The sequential access was slowest of all, as expected, and took an average of 550 ms to retrieve 10 tickers.

The task-based method took an average of 185ms .

The first call to retrieve data from actors took 162ms, with subsequent requests around 30ms due to the caching implementation.

This isn’t a huge performance bonus, but with only 10 requests anything should work ok!


Summary

Well, that wasn’t so bad (?!).

I think it’s clear that there’s a lot more code involved in setting up an actor system, compared to using task-based parallelism.

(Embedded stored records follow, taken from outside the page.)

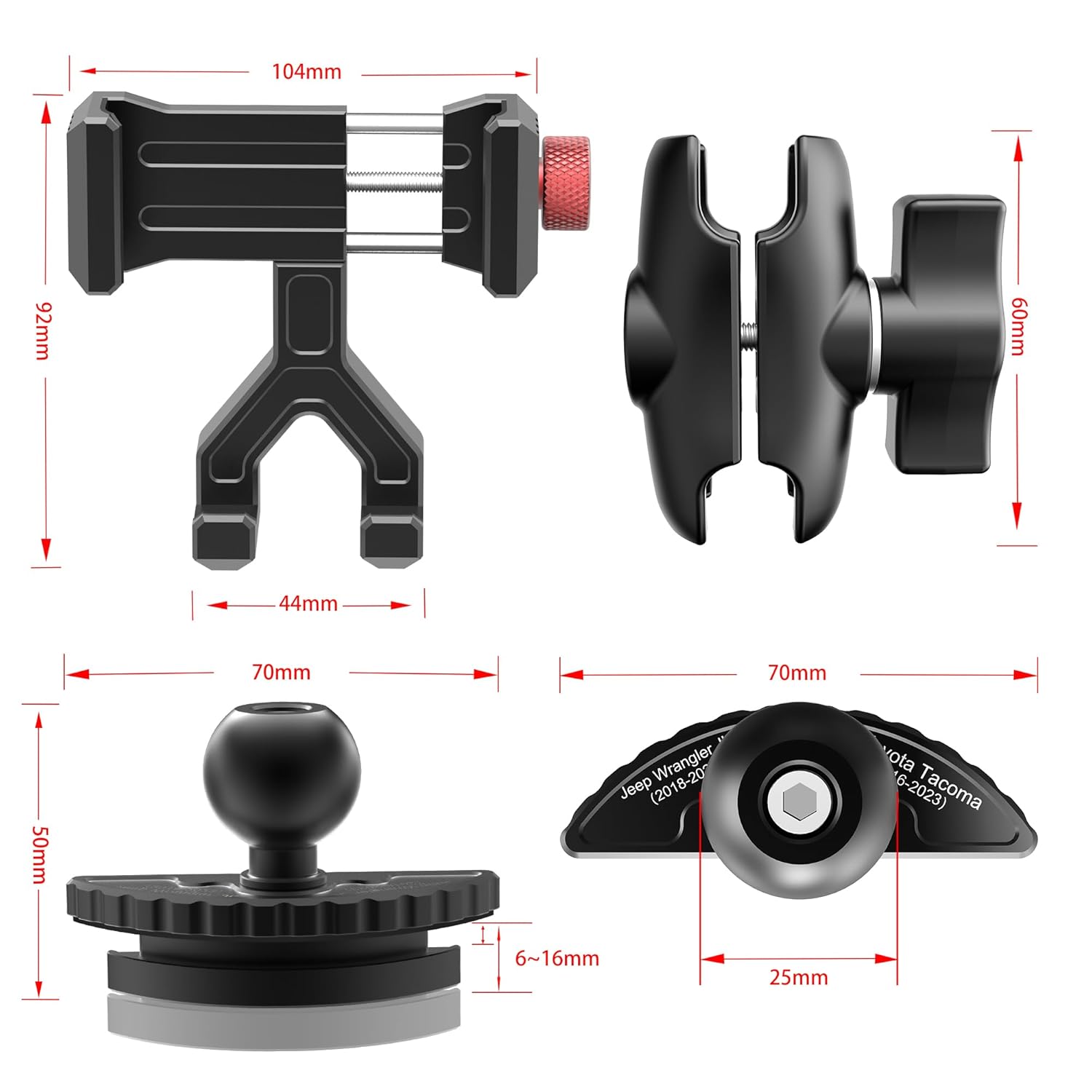 O suporte de telefone do Jeep Sahara é ajustável e pode acomodar qualquer telefone com tamanhos variando de 4″ a 7″, mantendo seu dispositivo totalmente funcional e acessível.
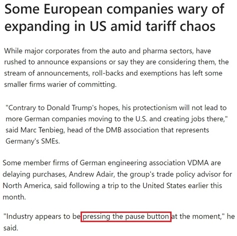 據路透社報道,由於美國關税政策的反覆無常增加了運營成本並可能引發美國經濟衰退,一些歐洲中小企業已開始重新考慮是否繼續在美擴張。
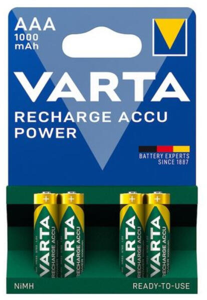 VARTA Elem tölthető akku AAA mikro 1000 mAH Power 4 db/csomag, Varta (5703301404) - cartridge
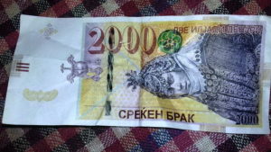 Svadba u jednom lokalu u unutrašnjosti Makedonije je bila bogovska, bakšiš je pljuštao sa svih strana, a kada su muzičari na kraju počeli da broje pazar, ostali su šokirani. Umesto pravog novca, dobili su gomilu bezvrednih fotokopiranih kolor novčanica od 2.000 denara, na kojima je u donjem delu pisalo “Srećan brak”.
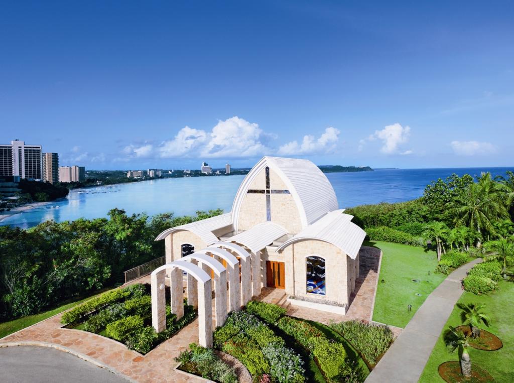 日本人に最も人気のあるホテル・ニッコー・グアム。その敷地内のタモン湾を一望にできるガーデンに囲まれた荘厳な石造りのチャペルです。“花嫁に贈る、楽園の庭”をコンセプトとした空間でのセレモニー、印象的なエントランスでのフラワーシャワーがロマンティックに演出します。
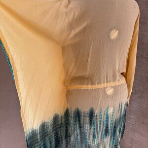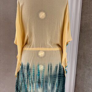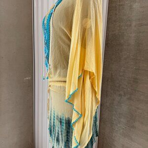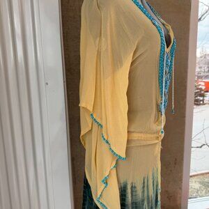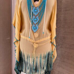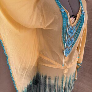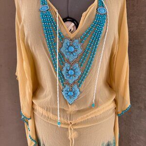 Silk Beach Cover-Up The embroidery showcases delicate patterns, reminiscent of nature or traditional motifs, skillfully incorporating the turquoise stones that add a pop of color and texture. Each stone is carefully placed, glistening against the silk, creating an eye-catching focal point. The cover-up may have flowing sleeves and a relaxed silhouette, making it perfect for both casual and formal occasions. This exquisite piece combines elegance with a touch of bohemian charm, making it a standout addition to any wardrobe.
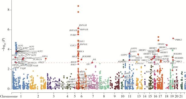 | COX6B1 | 1.16 | 1.059-1.261 | 0.032 |
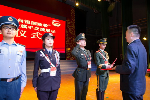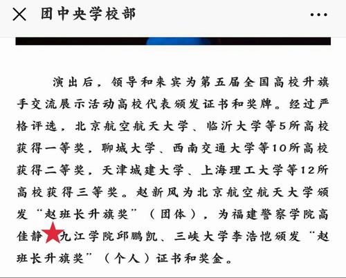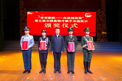9月29日,由团中央学校部、全国学联秘书处主办,中国国旗网、北京新风旗帜文化传播中心承办,中国人民解放军陆军防化学院支持的第五届全国高校升旗手交流展示活动在9.3阅兵训练场成功举办。经网络投票、国旗下演讲、队列技术动作、国旗知识、国旗论文等多环节评比,我校国旗班班长邱鹏凯荣获“全国高校十佳标兵升旗手”和“赵班长升旗奖”,同时九江学院获优秀组织奖荣誉。朱德外孙刘建将军,原天安门国旗班第八任班长、全国高校升旗手总教官赵新风等嘉宾出席颁奖。
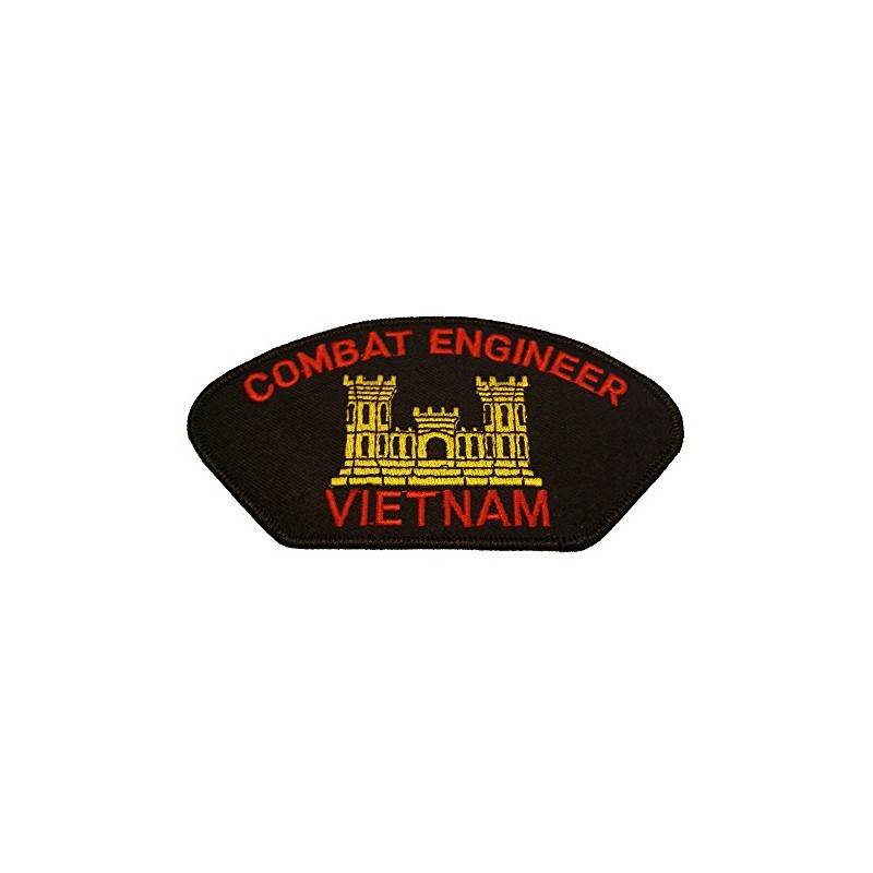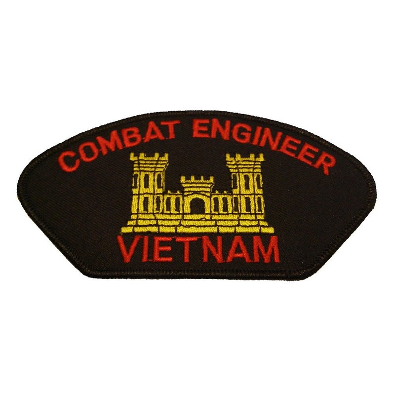 - 5 1/4" wide x 2 3/4" tall PATCH. High Quality Embroidered COMBAT ENGINEER VIETNAM with CASTLE - Red and Gold on Black Background - Very Durable with Iron On Backing.
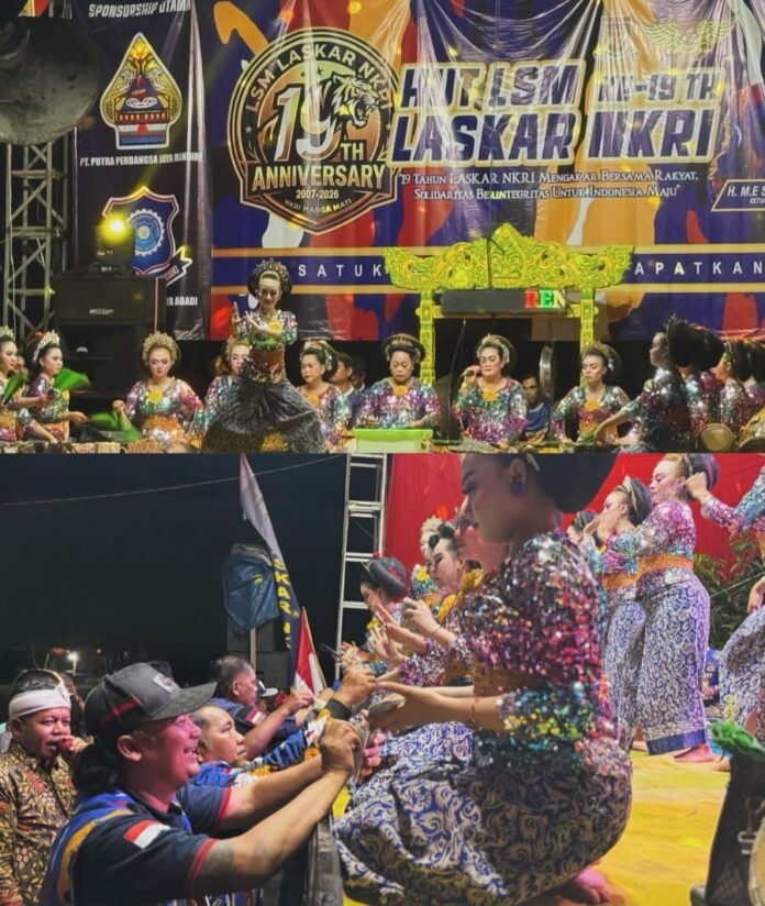 KARAWANG – Hiburan rakyat Jaipongan dalam rangkaian kemeriahan HUT ke-19 Tahun LSM Laskar NKRI di Lapangan Situ Cipule, Desa Mulyasari, Kecamatan Ciampel, Kabupaten Karawang, pada Jumat (10/4/2026) malam, berlangsung meriah.
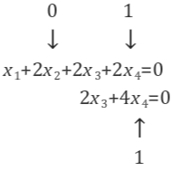 아래는 Ux=0에서 해(solution) x벡터를 나타냅니다. x2와 x4에 임의의 값을 설정할 수 있으며, 강의에서는 계산하기 편하도록 x2=1, x4=0으로 설정했습니다.
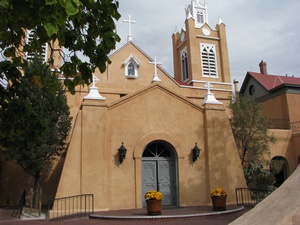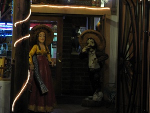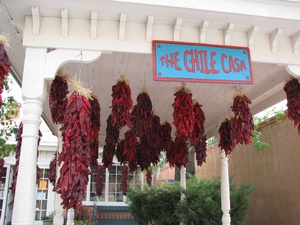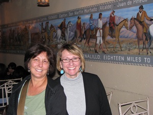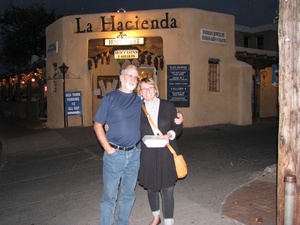 We met friends, Teresa and David (who used to live in Boston) for a mexican breakfast. It was a great breakfast and wonderful to catch up with Teresa and David who I haven't seen in a few years. They brought us over to Old Town in Alburquerque and Teresa explained how the Indians certify their jewelry and what is real and what isn't which I didn't know anything about. They suggested that we go to the Indian Pueblo Cultural Center nearby, where we saw alot of exhibits about the different Indian cultures and history. We also watched a video about pottery making which was really informative. They use a mixture of the red clay dirt and blue sand and just the right amount of water for the correct texture. It is molded by hand, and usually done by the women. It has traditionally been the men who do the painting and they use a very thin brush which is made from the yucca plant. To bake the pottery, they start the fire with cedar branches,but put pieces of srcap metal and dried cow manure over the pottery. They put dried horse manure over it to make it only smoke rather than burn. It all takes hours to do and they are not sure about the quality of the pieces are until they uncover each piece. No wonder the authentic pieces are so expensive! Teresa suggested a good mexican place for dinner and was able to join us. (David was working) We had a great meal and were glad to spend some extra time with Teresa. The most notable difference in the mexican food around here is that they serve a mexican popover that you can eat with honey. We forgot the name but it is something like sopifilla?!! Well, guess it's time to start heading home!!

Is it worth it? Hard to say. For a small application such as this, probably not. When building something that might scale to the point where it needs distributing over multiple machines, it’ll be a different story.

The main point to take away is that we didn’t have to start the process with actors in mind. We took an existing app, found the bit that could potentially benefit from the actor concurrency model, and converted only that section to use actors.